To determine which values of \( x \) make the expression \(\frac{5-x}{x(x-2)}\) undefined, we need to analyze the denominator \(x(x-2)\).
For any rational expression like \(\frac{5-x}{x(x-2)}\), the expression becomes undefined when the denominator is equal to zero, because division by zero is undefined.
Let's solve for \( x \) when the denominator \(x(x-2)\) is equal to zero:
[tex]\[ x(x-2) = 0 \][/tex]
This equation can be factored to:
[tex]\[ x = 0 \quad \text{or} \quad x - 2 = 0 \][/tex]
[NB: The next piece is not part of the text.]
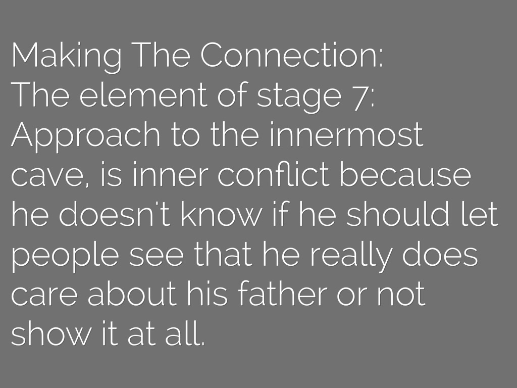 Making The Connection: The element of stage 7: Approach to the innermost cave, is inner conflict because he doesn't know if he should let people see that he really does care about his father or not show it at all.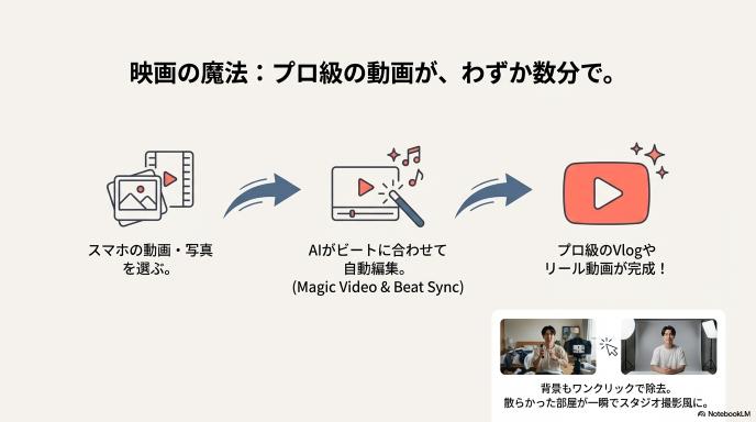 • スマホで撮った動画が、プロのミュージックビデオみたいに自動編集される

So, \(x = 0\) and \(x = 2\) are the solutions of this equation. Therefore, the expression \(\frac{5-x}{x(x-2)}\) is undefined when \(x = 0\) or \(x = 2\).
Additionally, the numerator \(5 - x\) does not impact the value of \( x \) that makes the denominator zero but we need to examine all potential cases. For completeness, let's check if there's a specific \( x \) value from the numerator that might make this overall problem contextually significant:
[tex]\[ 5 - x = 0 \][/tex]
Solving for \(x\):
[tex]\[ x = 5 \][/tex]
Although the expression itself wouldn't be undefined due to the numerator being zero, in the context of the problem, \( x = 5 \) makes the box's "height" as zero (ignoring division by zero issues), indicating a potentially special case for height consideration in terms of dimensions.
Therefore, combining these aspects:
- The denominator \( x(x-2) = 0 \) gives \( x = 0 \) or \( x = 2 \)
- Contextually, \( x = 5 \) is also noteworthy for making numerator zero.
As such, \(x = 0\), \(x=2\), and \(x=5\) are the critical values.
Hence, the complete values of \(x\) that make the expression undefined are:
[tex]\[ x = 0, 2, \text{ and } 5 \][/tex]
Given the options, \(0\) and \(2\) \( (i.e., as option \( C: 0 \text{ and } 2\) ) correctly aligns with causing coefficient singularity on the denominator.
Thus, the answer to the question is Option C: 0 and 2.